Note that the keys don’t have to be strings! This could be good for caching/memoizing/lookup:

x = Dict(["foo", "bar"] => 3, "tmp" => [2.1, 3.5], 7 => "weird")
Dict{Any, Any} with 3 entries:
  7              => "weird"
  ["foo", "bar"] => 3
  "tmp"          => [2.1, 3.5]
x[["foo", "bar"]]
3
ind = 7
7
x[ind]
"weird"
typeof(ind)
Int64

It would be interesting to know how it’s implemented that arbitrary objects can be keys. Perhaps using hashing?
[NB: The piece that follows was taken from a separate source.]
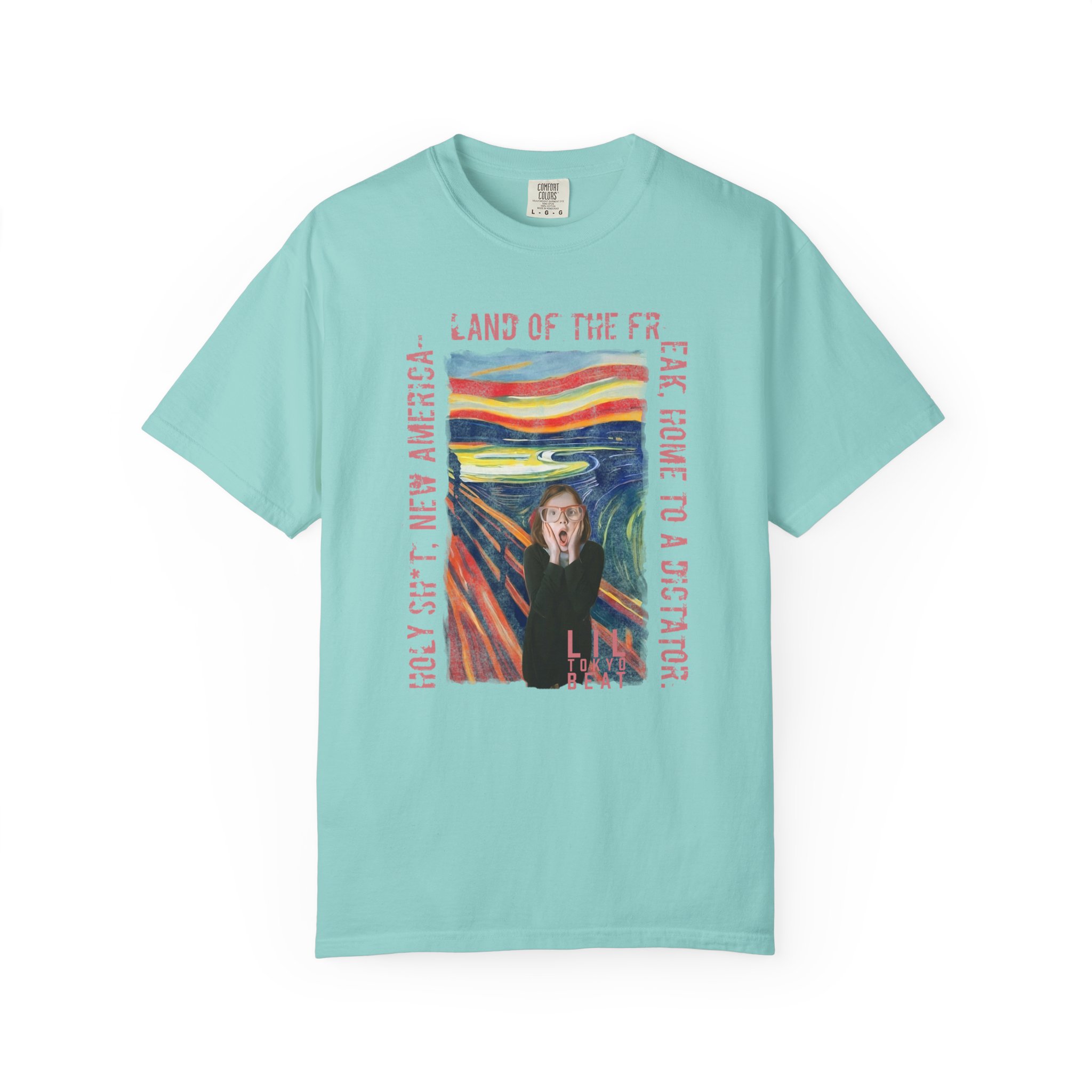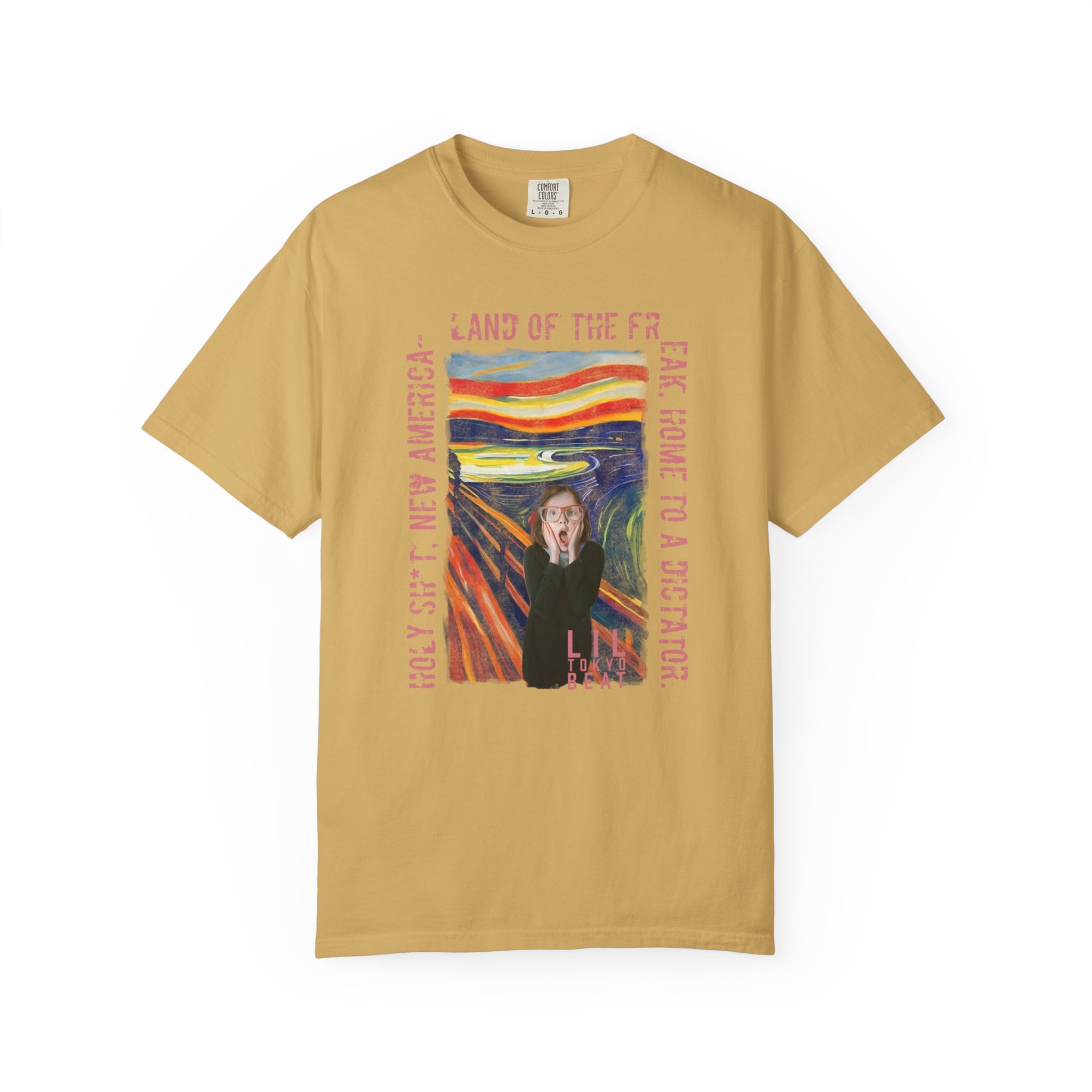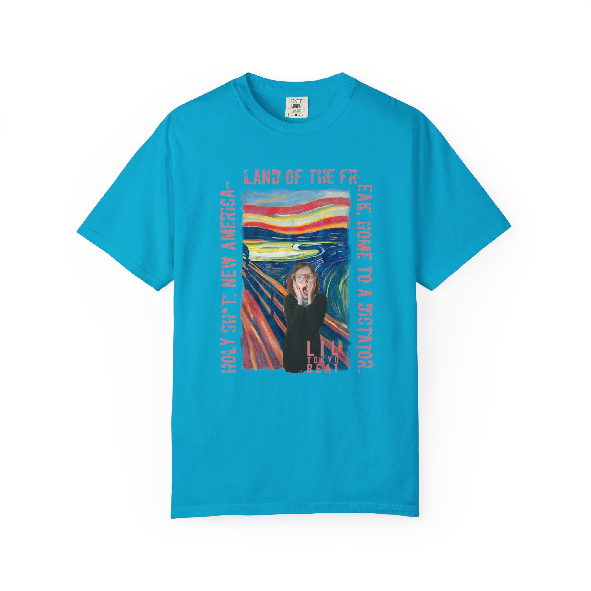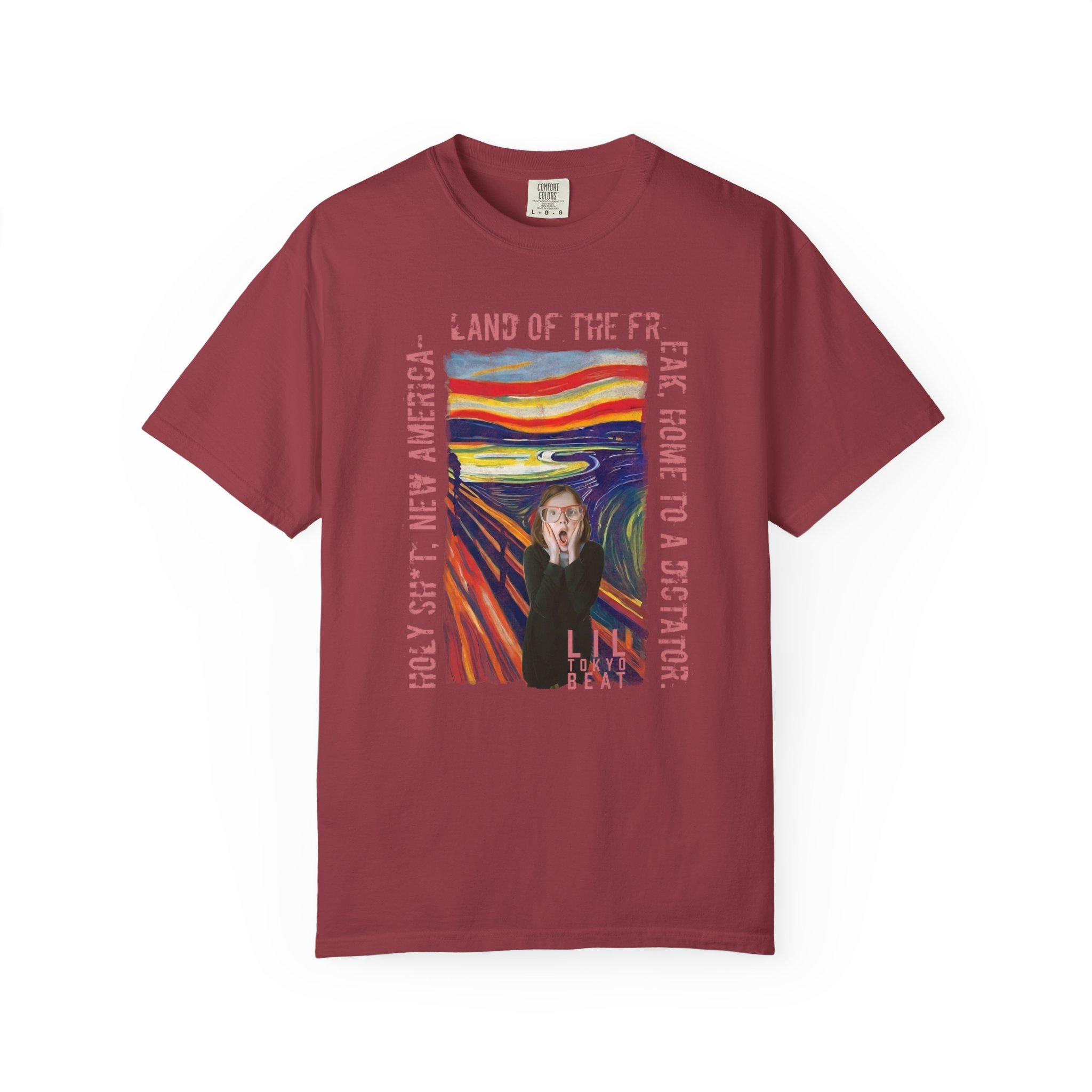 The Age of Trump: A New Reality, Artistic Statement T-Shirt, The Scream of Trump’s America 2025, Political Humor, Unisex Fashion, Introducing our Unisex Garment-Dyed T-shirt – a stylish and comfortable staple for every wardrobe. This tee offers a relaxed fit that pairs well with jeans for a casual day out or can be dressed up with accessories for a semi-formal occasion. Crafted from 100% ring-spun US cotton, it feels wonderfully soft against the skin. Available in a wide range of sizes from S to 4XL, it ensures everyone can find their perfect fit. With its striking design inspired by contemporary themes, it’s perfect for individuals looking to make a statement. Product features – Available in sizes S to 4XL for a customized fit. – Durable double-needle stitching on all seams for longevity. – Sewn without side seams for a sleek look and reduced waste. – Garment-dyed for a soft texture and unique color. – Made from ethically sourced 100% US cotton for sustainable fashion. Care instructions – Machine wash: cold (max 30C or 90F) – Do not bleach – Tumble dry: low heat – Iron, steam or dry: low heat – Do not dryclean
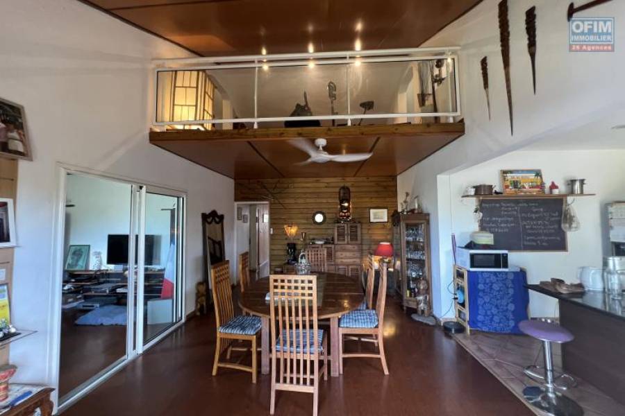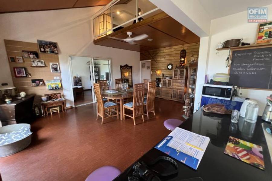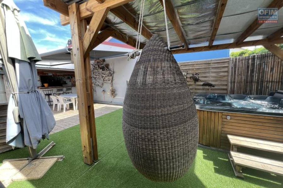 OFIM vous propose à la vente cette belle maison située entre le Ouaki et le centre de la Rivière St Louis, de type F6+ de 146 m2 habitables et 250 m2 utiles, implantée sur 530 m2 de terrain à 190 m d'altitude. Elle se compose au Rdc de deux belles chambres (12 et 14 m2), une suite parentale avec salle d'eau (16 m2), deux WC, une salle de bains, une belle douche extérieur/intérieur...un grand séjour/cuisine US de 38 m2, un salon de 18 m2, un varangue intérieure de 38 m2 donnant sur une jolie arrière-cour (80 m2) avec atelier fermé, cuisine d'été/bar (11 m2) donnant sur un bel espace de partage et détente avec un jacuzzi 4 personnes comme neuf, un garage fermé et accessible de l'intérieur de 41 m2. A l'étage, 2 grandes chambres ouvertes, une mezzanine et une petite varangue sous combles à finir d'équipée, avec vue mer imprenable. Devant, le jardin est fleuri, gazonné et arboré, il y a 5 places de stationnement intérieur et un portail électrique. Equipements : Chauffe eau solaire, plusieurs clims et brasseurs d'air. La TF s'élève à 2700€. La maison est en parfait état, aucun travaux à prévoir. Pour tous renseignements ou visites, contactez François Hart (agent commercial) au [coordonnées réservées] ou [coordonnées réservées] Honoraires à la charge du vendeur 8A70320, Numéro de mandat: 2290ESH Tél. commercial: [coordonnées réservées]

What do you think will happen here?

ind = Int32(7)  # What do you expect?
x[ind]
ind = 7.0       # What do you expect?
x[ind]

Tuples

Tuples are are similar to 1-dimensional arrays but they are immutable (they can’t be modified) and can have named elements.

x = (3, 5, "hello")
(3, 5, "hello")
x[2]
5
x[2] = 7
ERROR: MethodError: no method matching setindex!(::Tuple{Int64, Int64, String}, ::Int64, ::Int64)
x = 3
3
y = 9
9
y,x = x,y
(3, 9)

# Named tuple:
x = (a=3, b=5, other="hello")
(a = 3, b = 5, other = "hello")
x.b
5
Functions with ! in their names

What’s the deal with the “!” in setindex? We’ll see this more shortly, but functions that modify their inputs should have their name end in “!”.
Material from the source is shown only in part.